Towards More Scalable and Robust Machine Learning
- Author(s): Yin, Dong
- Advisor(s): Ramchandran, Kannan
- et al.
For many data-intensive real-world applications, such as recognizing objects from images, detecting spam emails, and recommending items on retail websites, the most successful current approaches involve learning rich prediction rules from large datasets. There are many challenges in these machine learning tasks. For example, as the size of the datasets and the complexity of these prediction rules increase, there is a significant challenge in designing scalable methods that can effectively exploit the availability of distributed computing units. As another example, in many machine learning applications, there can be data corruptions, communication errors, and even adversarial attacks during training and test. Therefore, to build reliable machine learning models, we also have to tackle the challenge of robustness in machine learning.

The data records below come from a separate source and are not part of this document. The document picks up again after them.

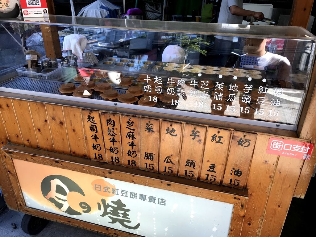 車輪餅一直是筆者非常喜歡的小點心,而位於天母sogo對面的月之燒紅豆餅在筆者心目中具有非常高的評價。口味的部份除了常見的紅豆、奶油之外,單一口味的還有芋頭、地瓜、菜脯。都是單一價15元。而雙料口味的一個要18元,分別有起司牛奶、肉鬆牛奶、以及芝麻牛奶。
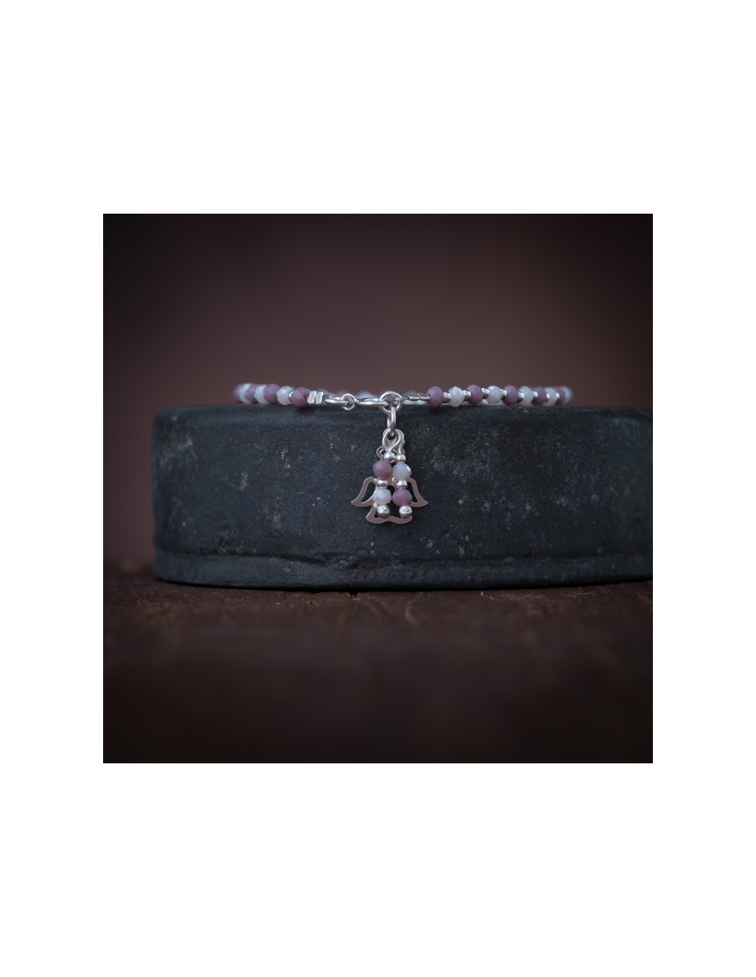 Pulsera de plata .925 cristales pequeños color lila y blanco dije ángel
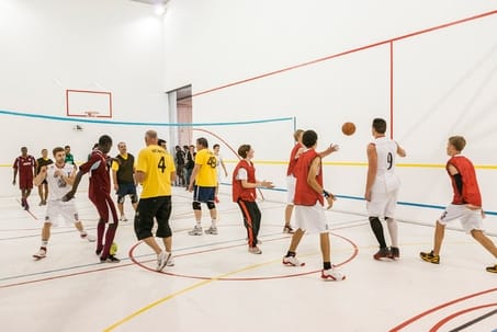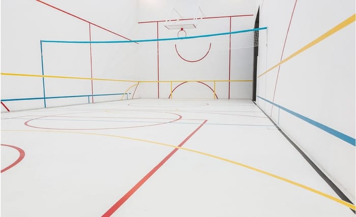 – Irene: He ido a hacer un taller en la exposición de Orbital Motion de Monika Grzymala en el Espacio de Arte Contemporáneo de Castellón. La artista juega con cintas adhesivas para dar tridimensionalidad al espacio. Eso me ha dado una idea… ¿como podemos redefinir las líneas de los campos polideportivos? Incluso, ¿como esa redefinición nos puede permitir crear nuevos espacios de juego? ¿Podemos redefinir las normas de los juegos a partir de la (de)construcción de las líneas?
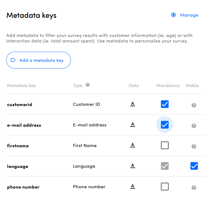 - Fields like “Email” or “ID” are present on the file and contain data if they are checked as mandatory on the touchpoint.
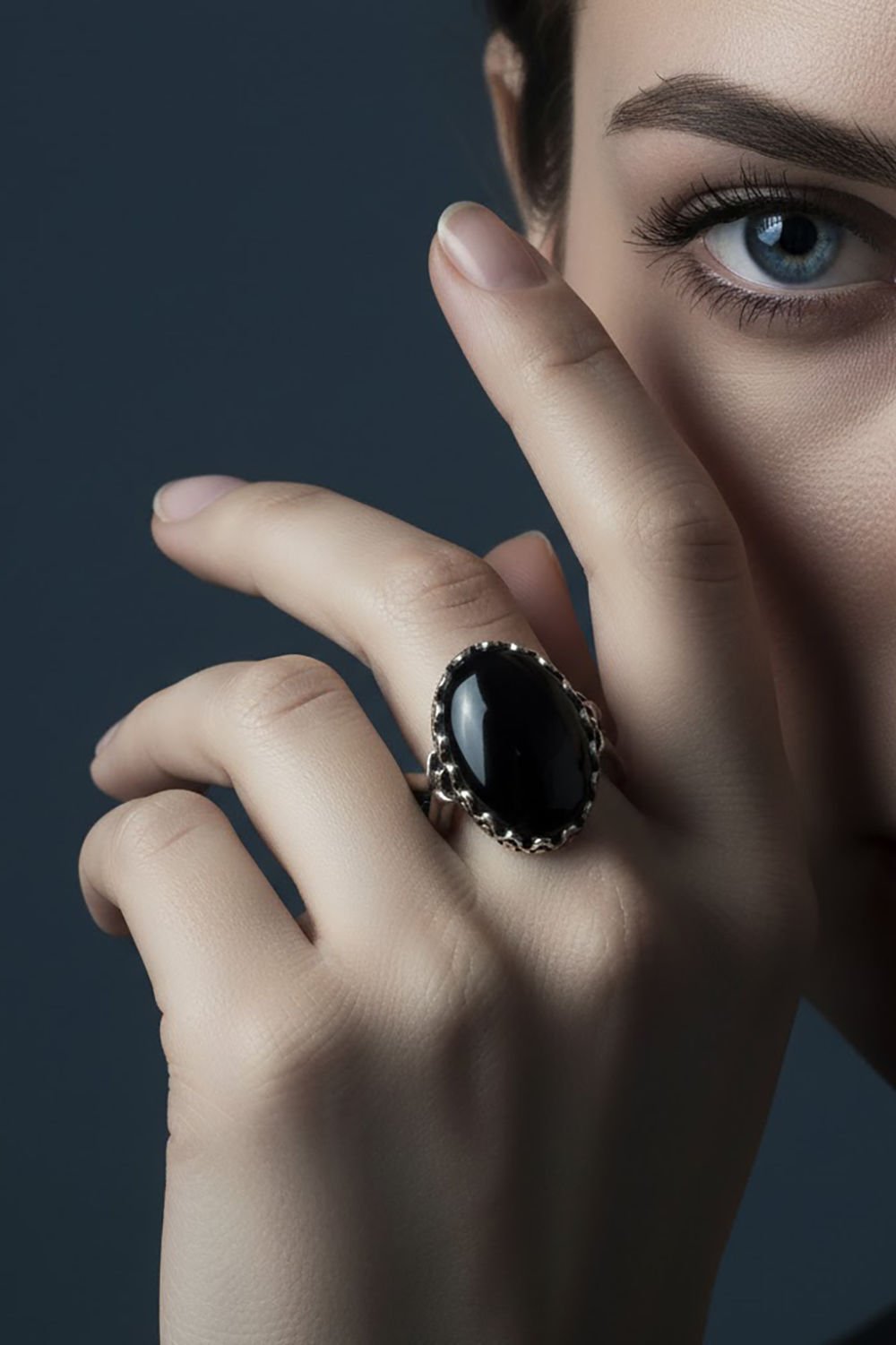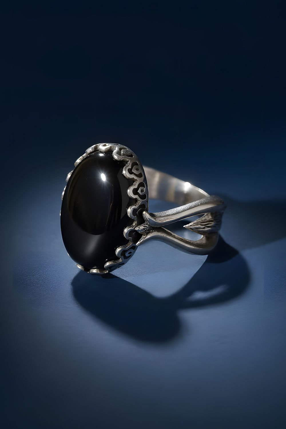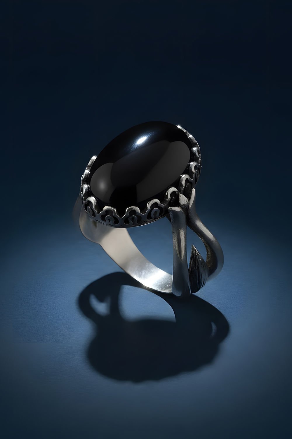 Lale Model Oniks Taşlı El İşi Gümüş Yüzük

In this dissertation, we study several topics on the scalability and robustness in large-scale learning, with a focus of establishing solid theoretical foundations for these problems, and demonstrate recent progress towards the ambitious goal of building more scalable and robust machine learning models. We start with the speedup saturation problem in distributed stochastic gradient descent (SGD) algorithms with large mini-batches. We introduce the notion of gradient diversity, a metric of the dissimilarity between concurrent gradient updates, and show its key role in the convergence and generalization performance of mini-batch SGD. We then move forward to Byzantine distributed learning, a topic that involves both scalability and robustness in distributed learning. In the Byzantine setting that we consider, a fraction of distributed worker machines can have arbitrary or even adversarial behavior. We design statistically and computationally efficient algorithms to defend against Byzantine failures in distributed optimization with convex and non-convex objectives. Lastly, we discuss the adversarial example phenomenon. We provide theoretical analysis of the adversarially robust generalization properties of machine learning models through the lens of Radamacher complexity.